Understand how out-of-the-box dashboards and tools help you find problems

VMware Aria Operations for Applications (formerly known as Tanzu Observability by Wavefront) is perfect if you want to monitor lots of hosts or lots of metrics. For example, you can monitor hundreds of thousands of Kubernetes containers. But how well the system performs can still depend on the quality of the input:

  • Are the data points you’re sending easy to ingest? Too many unique combinations of metric, source, and tag slow down the environment and make it hard to understand what’s going on when you look at charts.
  • Are you actually using all the data you send in? It’s tempting to send all data to Operations for Applications, and then analyze what seems suitable. But if you examine which data your dashboards and queries actually use, you might be able to get faster query displays and more easily stay within your allocated PPS budget.

Find Slow Queries and Improve Dashboard Response

You can find queries that are exceptionally slow by checking the Slow Query dashboard.

To open the Slow Queries Dashboard:

  1. Log in to your service instance.
  2. From the gear icon on the toolbar, select Slow Query Dashboard.

    • The Overview tab summarizes slow queries in the system. You can quickly see the number of slow queries, which slow queries failed to complete, and which queries took a long time but eventually completed.

      The dashboard also provides you with the number of slow queries by user. The time window buttons [1h, 12h, 1d] control which slow queries you are viewing.

    • The Top Slow Queries tab provides details (timestamp, query type, ts() query, points, etc.) about the slow queries.

      • Time Taken shows the time a slow query takes. Queries listed on this page can’t return results for more than 5 minutes.
      • Points Scanned shows the number of data points that were queried to show the chart on the screen.
      • CPU Seconds column shows the amount of time that was spent on processing the query.
    • The Resource Consumption tab displays each user that ran a slow query and provides details such as time spent, total points scanned, and total CPU consumed.

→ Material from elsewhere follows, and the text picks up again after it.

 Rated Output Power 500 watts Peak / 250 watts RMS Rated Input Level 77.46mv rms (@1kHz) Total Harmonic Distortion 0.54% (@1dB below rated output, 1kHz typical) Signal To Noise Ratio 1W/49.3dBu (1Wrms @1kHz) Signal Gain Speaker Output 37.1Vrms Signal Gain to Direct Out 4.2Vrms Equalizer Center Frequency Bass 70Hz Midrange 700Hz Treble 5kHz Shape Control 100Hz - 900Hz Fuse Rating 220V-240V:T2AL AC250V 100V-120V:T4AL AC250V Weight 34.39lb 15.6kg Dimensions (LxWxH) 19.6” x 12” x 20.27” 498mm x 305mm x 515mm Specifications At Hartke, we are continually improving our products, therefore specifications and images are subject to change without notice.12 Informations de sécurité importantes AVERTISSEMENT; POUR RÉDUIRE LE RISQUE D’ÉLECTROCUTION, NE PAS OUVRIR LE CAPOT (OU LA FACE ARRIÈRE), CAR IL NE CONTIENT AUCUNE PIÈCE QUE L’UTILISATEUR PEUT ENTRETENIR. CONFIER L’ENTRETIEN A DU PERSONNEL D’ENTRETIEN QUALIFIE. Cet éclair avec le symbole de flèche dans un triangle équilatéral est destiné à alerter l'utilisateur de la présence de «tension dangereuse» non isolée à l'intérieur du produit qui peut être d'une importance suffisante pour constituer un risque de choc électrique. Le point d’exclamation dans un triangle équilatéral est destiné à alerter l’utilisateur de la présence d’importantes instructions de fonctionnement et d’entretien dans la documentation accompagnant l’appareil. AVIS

And even if a query isn’t listed there, there are some guidelines for queries:

  1. When sending data to Operations for Applications, consider the Operations for Applications data format best practices, for example:
    • Make the metrics the most stable part of your data. For example, don’t include a unique ID in each metric.
    • Keep the number of distinct combinations of metric, source, and tags under 1000. For example, avoid including a timestamp in your metric. Instead, look at the metric over time in chart.
  2. In queries, use filters to narrow down results, and topk() or bottomk() to limit the number of lines that your charts display.

More Info

Optimize Query Performance

Monitor System Usage and Proxy Status

Administrators (and often other team members) are interested in usage data at all levels.

  1. Users who install Wavefront proxies can examine the proxy information on the out-of-the-box dashboards. Larger environments or production environments rely on a team of load-balanced proxies, as discussed by Clement Pang in this video about proxies. Having usage data for the proxy helps administrators during installation and also helps with proxy sizing later.
  2. View the points flowing into the system from the Overall Data Rate section of the Operations for Applications Service and Proxy Data dashboard.
  3. Create custom charts with internal metrics. Our system dashboard information is a great start, but you might benefit from other internal metrics and it’s easy to create a dashboard with custom charts.

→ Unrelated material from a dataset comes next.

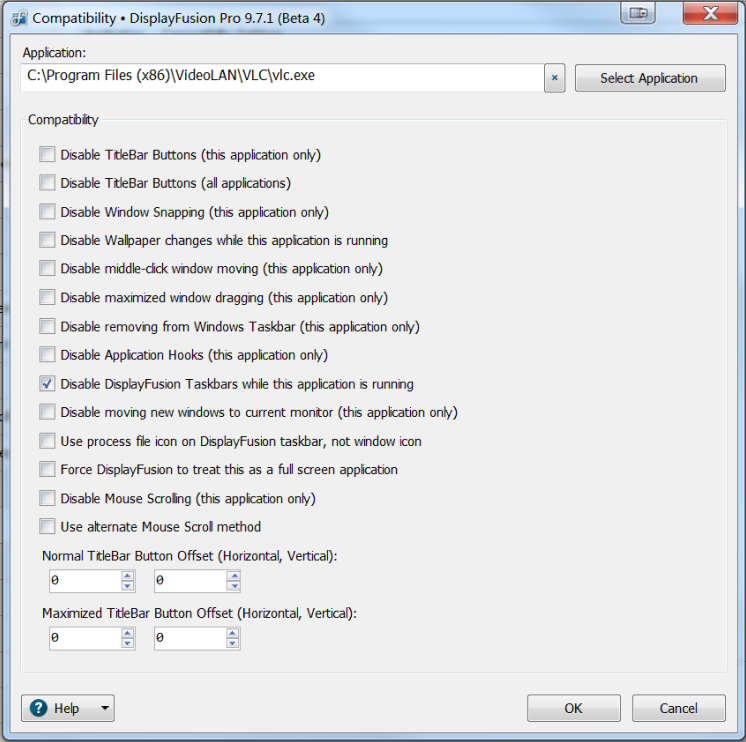 Oh hah, sorry about that! I had changed my mind on that initially and forgot to remove the screenshot, but it's something you can try. If you create a rule on the Settings > Compatibility tab that looks like that screenshot, it might help. It will disable the DF taskbar automatically when VLC starts.

    Note: We’ve include the internal metrics that are most useful in the documentation.

More Info

Monitor Data Ingestion and Data Shape

Operation for Applications supports some tools that allow you to monitor ingestion and data shape. By data shape we mean that you can find out, for example, if you have very large numbers of metrics, or you suddenly started having an unusually large number of sources.

You can start by examining the system dashboard and internal metrics, discussed above. In addition, Operation for Applications allows you to look closely at data that is being ingested:

Both tools are for situations when the dashboards don’t give you enough information – they’re really for debugging rather day-by-day use.

  • Wavefront spy endpoints can provide insight into new data that your Operation for Applications instance ingests. For example, you might analyze spy results to:
    • Verify that your Operation for Applications instance is ingesting the data points that you expect.
    • Troubleshoot a sudden change in the rate at which new data is ingested.
  • Wavefront Top is an interactive tool for exploring ingested points. For example, you can find out which metric namespaces were used in the last X days. Wavefront Top helps you look at the big picture of what’s being ingested – and the keyboard-driven UI makes it easy to drill down. Watch this video for an intro.